[Records from a dataset]
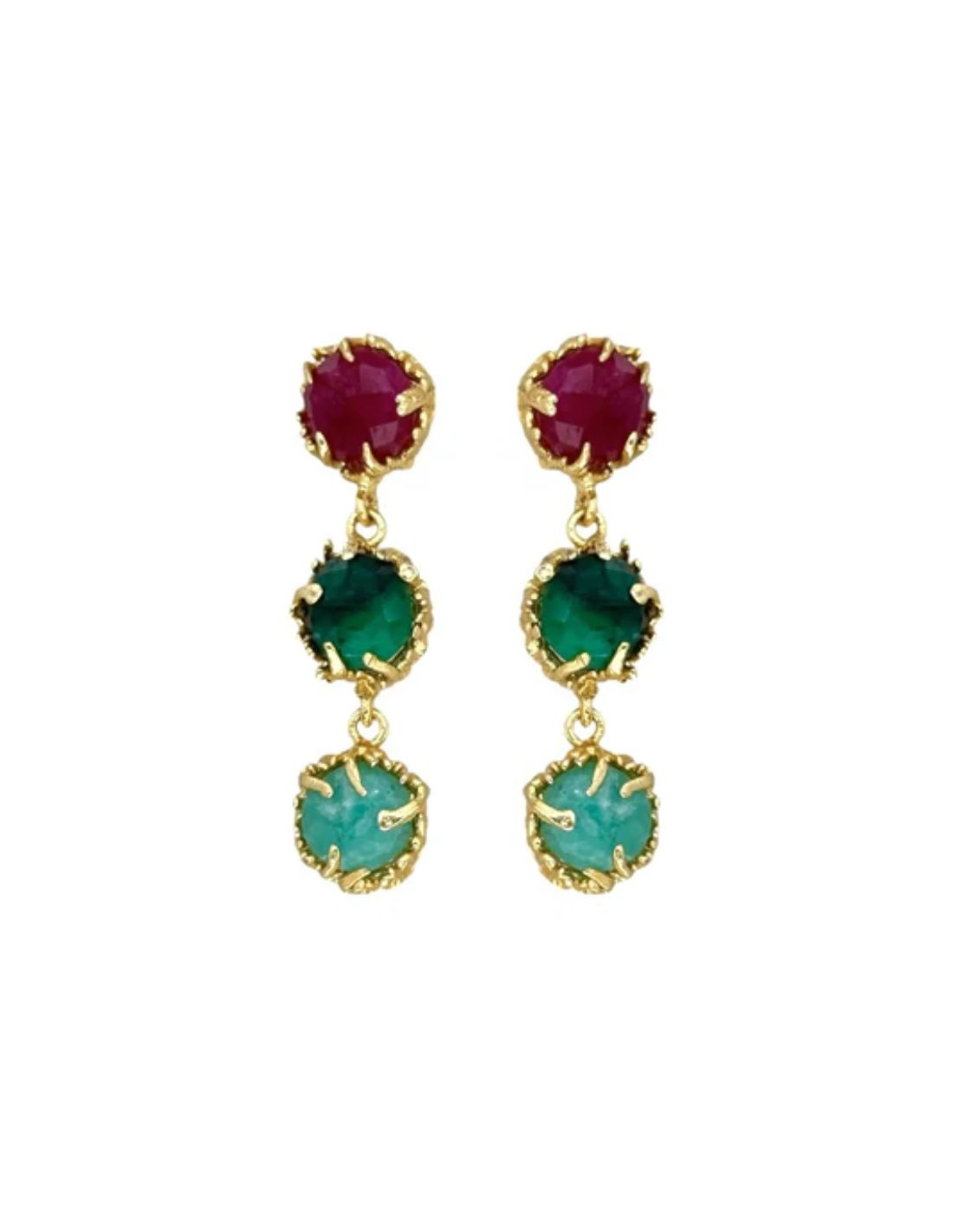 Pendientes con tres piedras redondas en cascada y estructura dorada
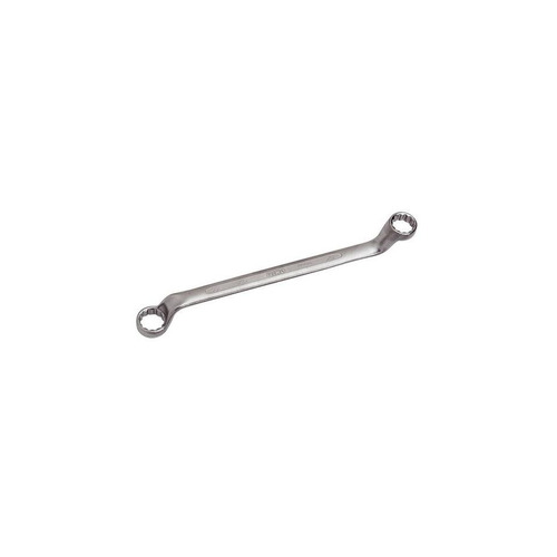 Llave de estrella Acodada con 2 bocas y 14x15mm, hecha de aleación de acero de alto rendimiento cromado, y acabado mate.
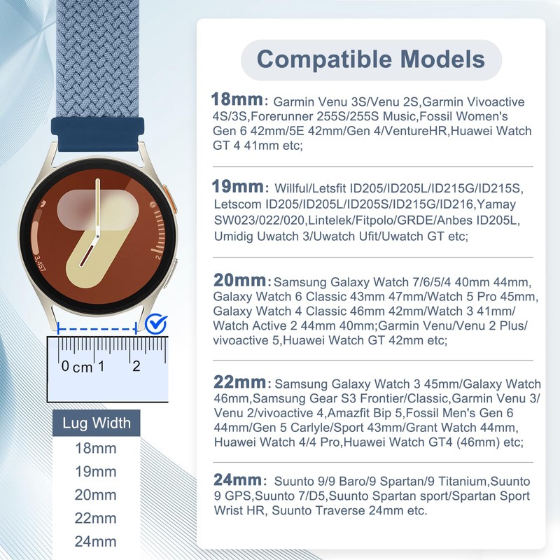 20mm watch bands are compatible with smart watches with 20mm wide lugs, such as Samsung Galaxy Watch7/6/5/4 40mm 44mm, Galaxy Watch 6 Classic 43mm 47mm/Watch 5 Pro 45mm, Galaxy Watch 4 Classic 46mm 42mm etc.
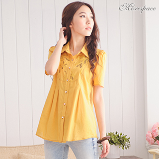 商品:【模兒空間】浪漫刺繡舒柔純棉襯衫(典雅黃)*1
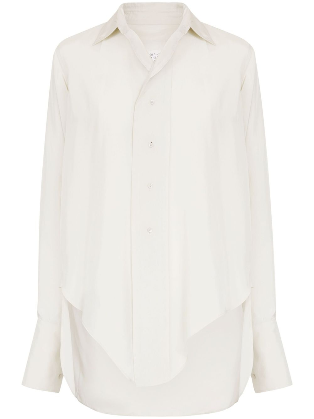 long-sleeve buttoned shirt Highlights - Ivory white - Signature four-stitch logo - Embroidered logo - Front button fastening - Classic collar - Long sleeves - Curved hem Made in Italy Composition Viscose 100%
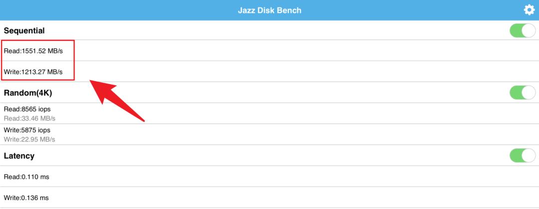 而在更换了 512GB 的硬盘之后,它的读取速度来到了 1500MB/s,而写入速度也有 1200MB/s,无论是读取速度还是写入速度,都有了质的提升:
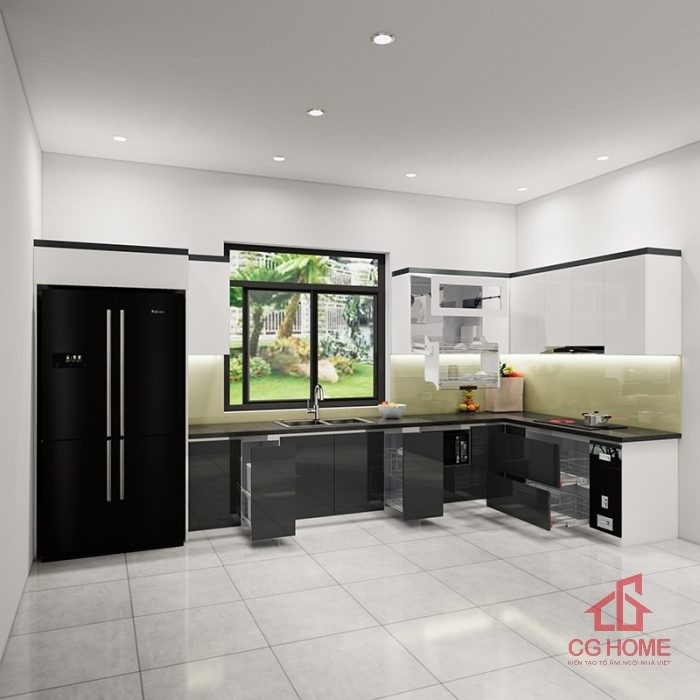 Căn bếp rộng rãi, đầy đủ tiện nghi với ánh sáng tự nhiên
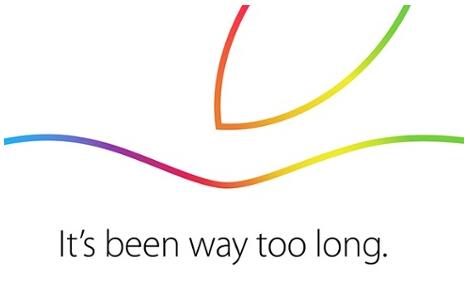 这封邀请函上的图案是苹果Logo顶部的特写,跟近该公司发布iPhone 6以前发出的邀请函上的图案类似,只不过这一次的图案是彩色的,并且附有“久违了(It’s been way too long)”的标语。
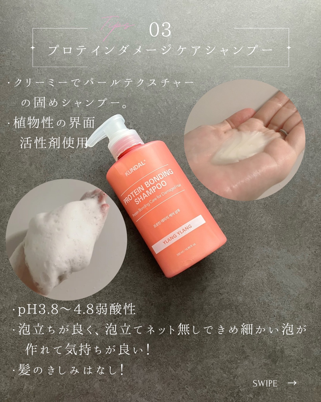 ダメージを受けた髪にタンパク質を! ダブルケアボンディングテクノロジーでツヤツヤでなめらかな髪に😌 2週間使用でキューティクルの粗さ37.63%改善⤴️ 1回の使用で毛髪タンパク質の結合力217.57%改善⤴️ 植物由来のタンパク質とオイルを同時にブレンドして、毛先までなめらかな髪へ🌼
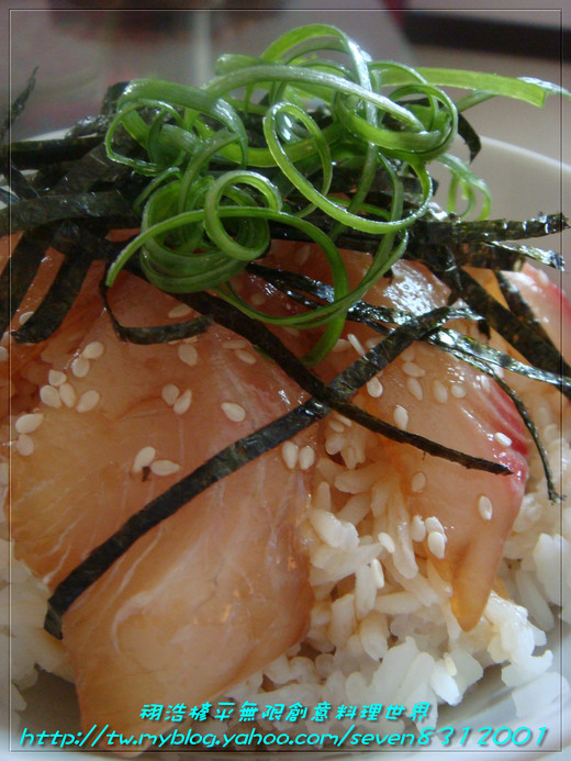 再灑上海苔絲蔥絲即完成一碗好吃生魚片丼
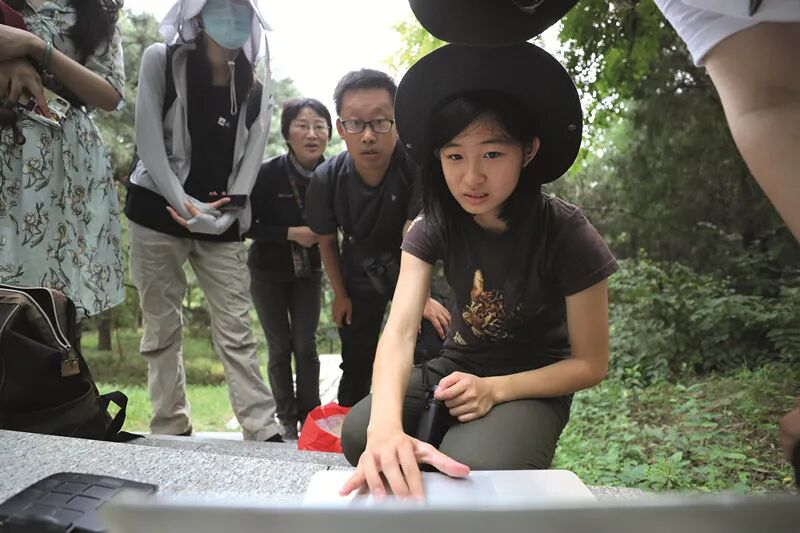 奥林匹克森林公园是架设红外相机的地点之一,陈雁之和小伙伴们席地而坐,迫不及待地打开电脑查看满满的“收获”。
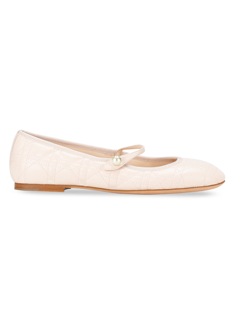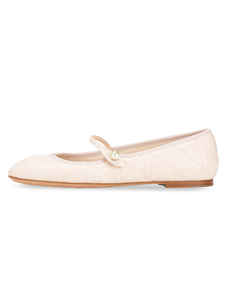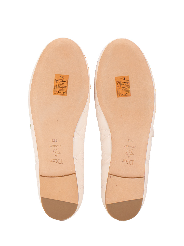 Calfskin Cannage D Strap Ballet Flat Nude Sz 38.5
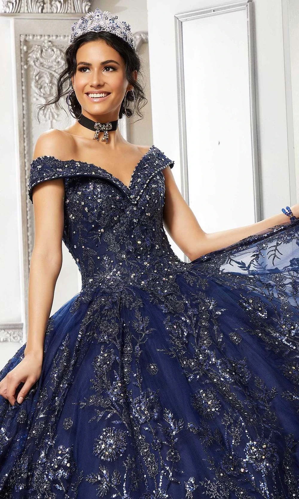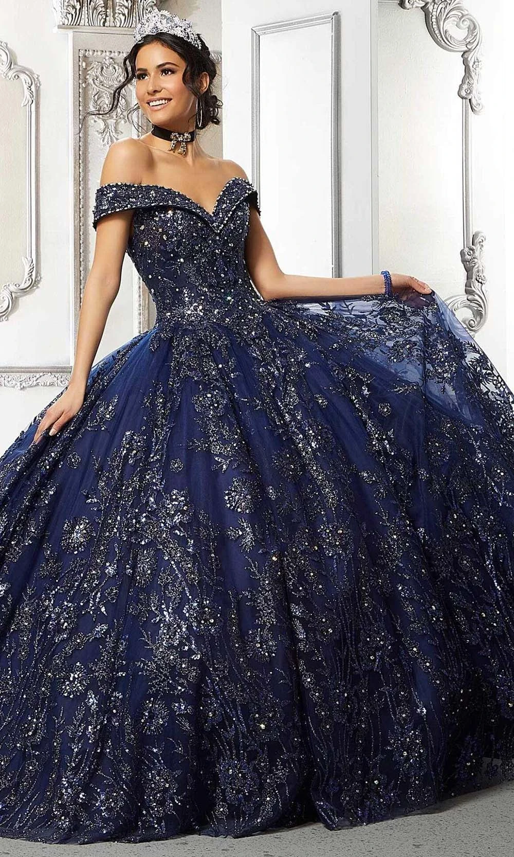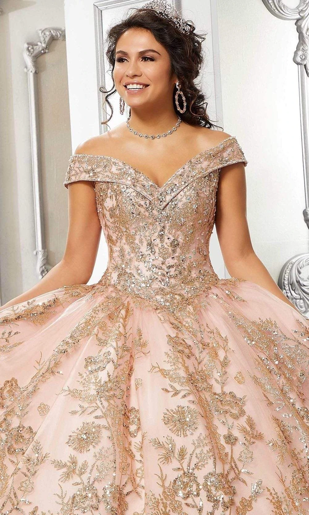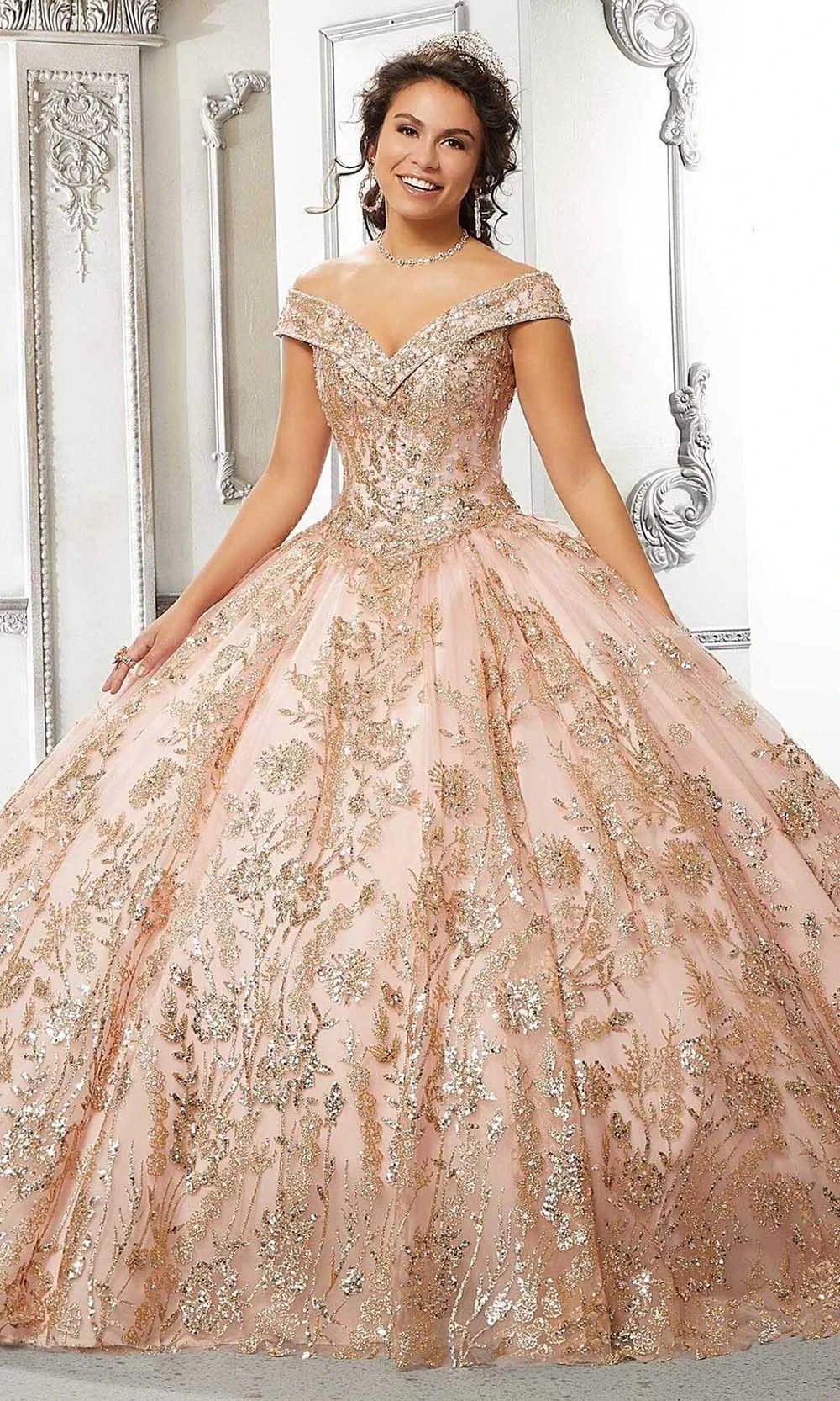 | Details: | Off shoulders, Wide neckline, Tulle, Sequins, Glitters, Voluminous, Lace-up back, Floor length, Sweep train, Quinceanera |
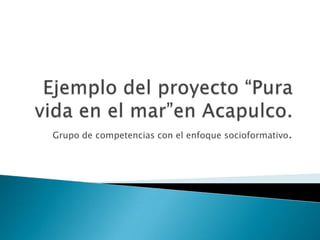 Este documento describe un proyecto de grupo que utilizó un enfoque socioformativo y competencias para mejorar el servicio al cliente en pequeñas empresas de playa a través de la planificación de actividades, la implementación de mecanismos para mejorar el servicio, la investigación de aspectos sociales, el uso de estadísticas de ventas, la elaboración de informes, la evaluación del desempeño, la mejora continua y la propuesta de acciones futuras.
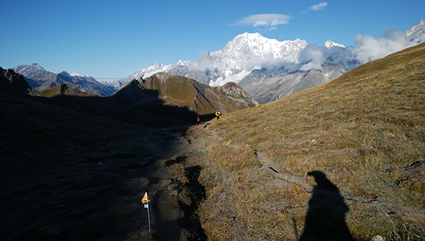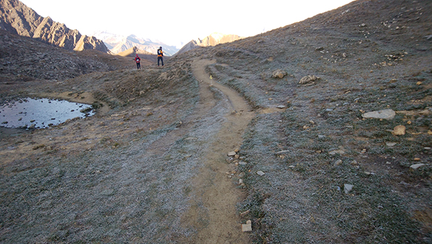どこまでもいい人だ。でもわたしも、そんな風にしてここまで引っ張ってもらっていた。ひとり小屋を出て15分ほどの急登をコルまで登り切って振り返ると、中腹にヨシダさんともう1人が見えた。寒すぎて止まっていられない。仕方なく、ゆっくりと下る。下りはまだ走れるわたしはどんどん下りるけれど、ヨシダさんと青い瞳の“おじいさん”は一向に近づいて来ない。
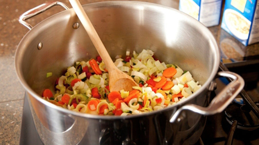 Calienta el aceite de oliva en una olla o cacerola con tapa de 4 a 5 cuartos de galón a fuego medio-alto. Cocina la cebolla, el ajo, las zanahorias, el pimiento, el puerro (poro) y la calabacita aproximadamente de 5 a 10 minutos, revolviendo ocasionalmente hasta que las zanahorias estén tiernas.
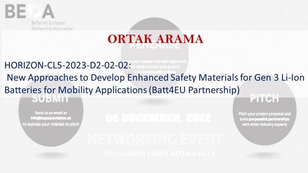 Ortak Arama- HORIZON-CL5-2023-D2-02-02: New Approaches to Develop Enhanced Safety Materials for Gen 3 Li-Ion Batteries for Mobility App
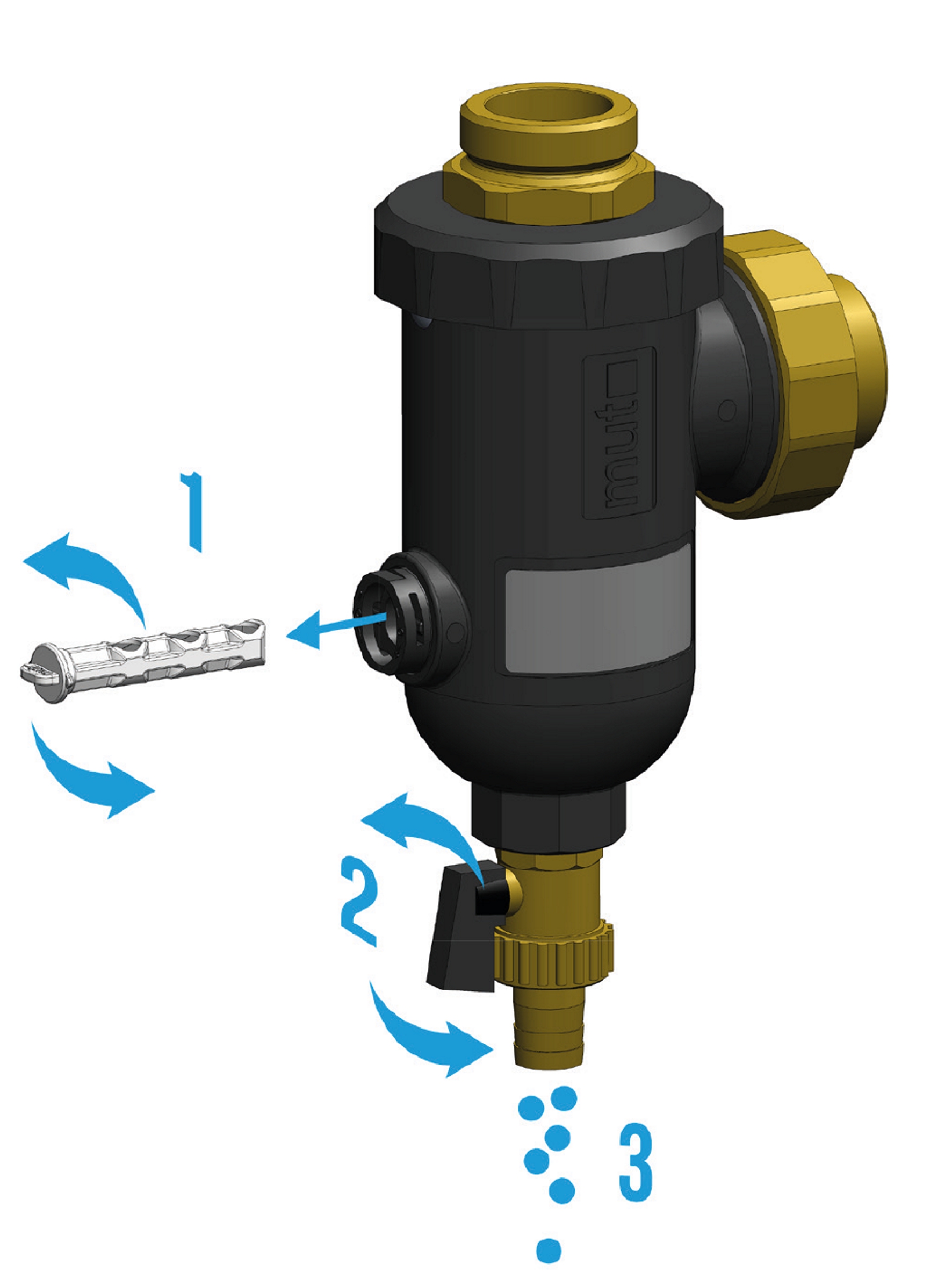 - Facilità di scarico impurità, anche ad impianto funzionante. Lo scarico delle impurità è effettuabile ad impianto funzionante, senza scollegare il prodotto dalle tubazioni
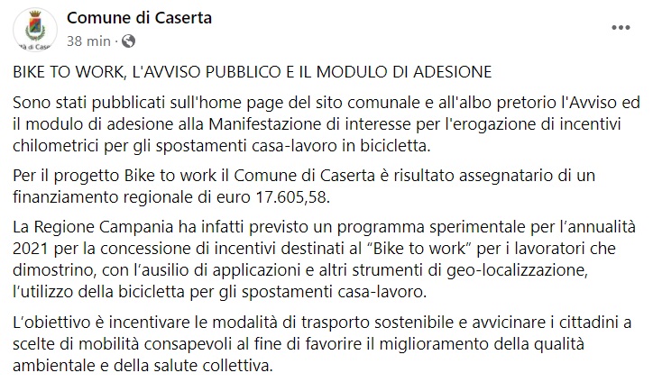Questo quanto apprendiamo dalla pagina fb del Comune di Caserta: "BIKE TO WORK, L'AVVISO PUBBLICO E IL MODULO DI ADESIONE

§ Exercise details
Reproduce the lines from the line with "- Facilità di" through the last line of the entries exactly, including both ends and excluding pictures.

§ Written reply
 - Facilità di scarico impurità, anche ad impianto funzionante. Lo scarico delle impurità è effettuabile ad impianto funzionante, senza scollegare il prodotto dalle tubazioni
Questo quanto apprendiamo dalla pagina fb del Comune di Caserta: "BIKE TO WORK, L'AVVISO PUBBLICO E IL MODULO DI ADESIONE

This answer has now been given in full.